Difficulties in getting the vision right

I was facilitating this group of managers from the United Nations for the second time. Last year was about visioning, this year about implementation of the vision. Most discussions did not settle within that year. Though most of the participants actively and positively participated in creating the vision last year, the consequences were not easy to accept.

And it shows the difficulties in getting the vision right. The level of support seemed great after last year’s retreat, yet had proven to be hollow. It turned out many in the room were wary about integration (which was euphemistically called coordination).

What could Senior Management have done differently? And what would have made a good vision? Obviously, the first mistake was to convene the group just once a year.

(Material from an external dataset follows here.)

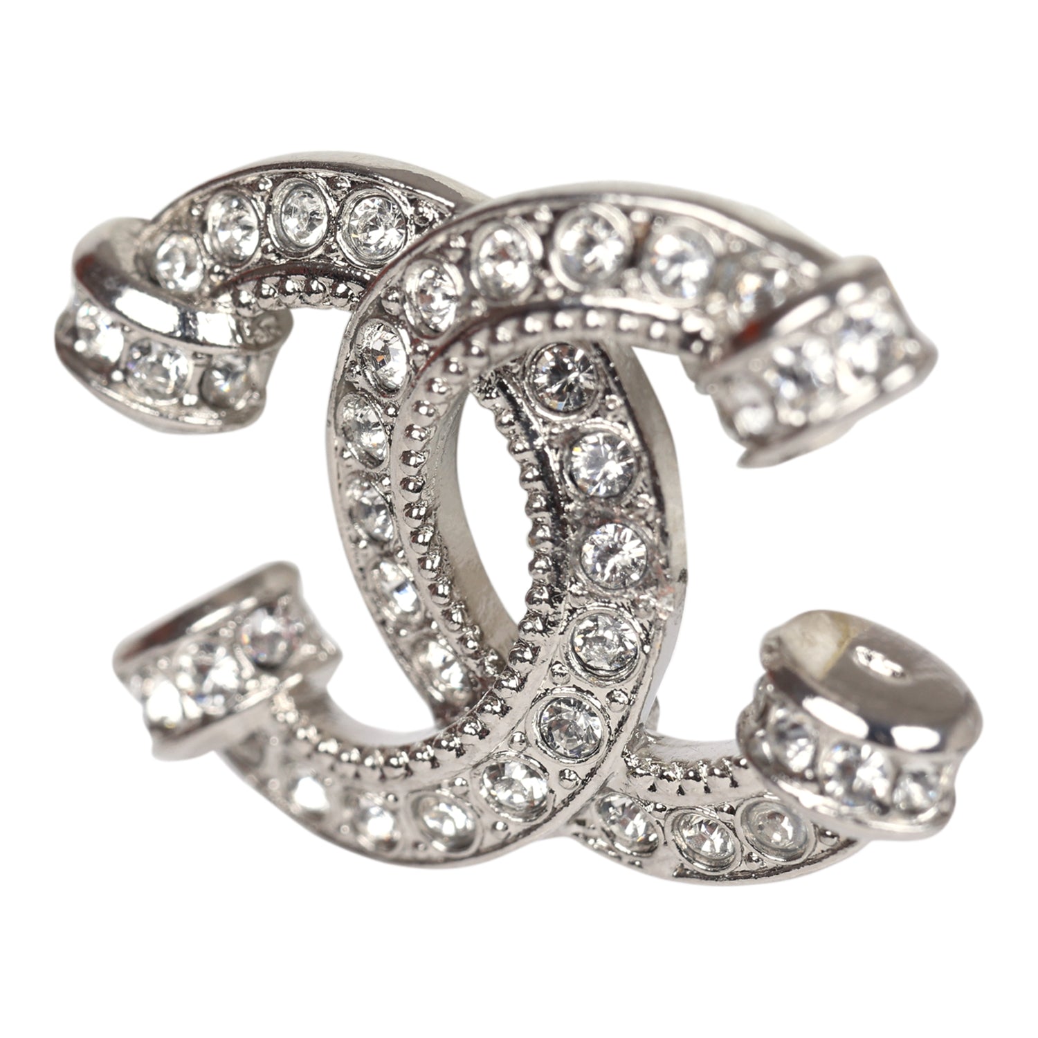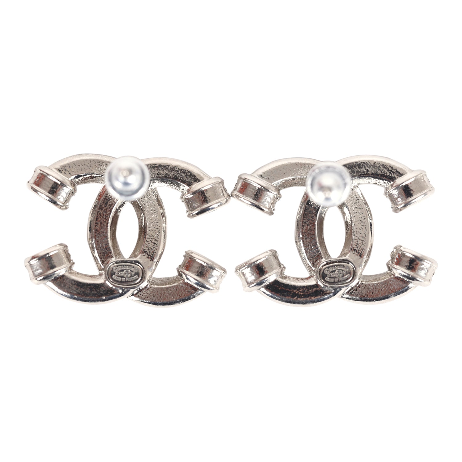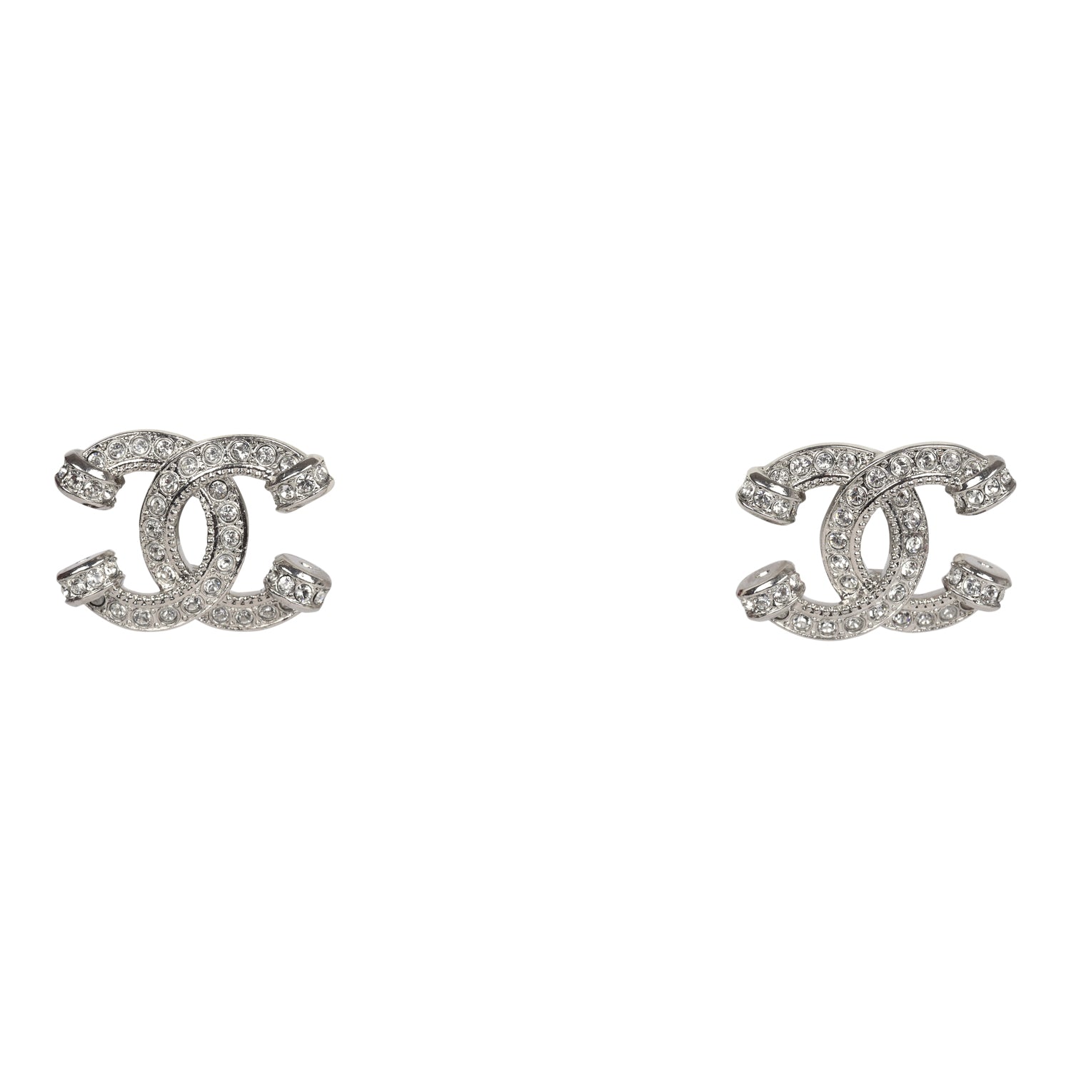 Chanel CC Crystal Stud Earrings Silver Hardware

A vision will never make it if, as a group, you just discuss it on the yearly retreat.

Don’t settle eternal discussions in a vision

But more critically: what had been presented as a vision became nothing more than a proposed settlement of one of the eternal ongoing discussions instead of describing an imaginable, feasible and desirable goal. The vision did not focus on what external goal to reach, but on settling internal cacophony. Antoine de St-Exupéry quoted it in a beautiful way:

‘If you want to build a ship, don’t drum up people to collect wood and don’t assign them tasks and work, but rather teach them to long for the endless immensity of the sea.’

And that’s what the vision forgot to do: cherishing and nurturing the longing for delivering the best services to their partners whatever the internal arrangement looks like.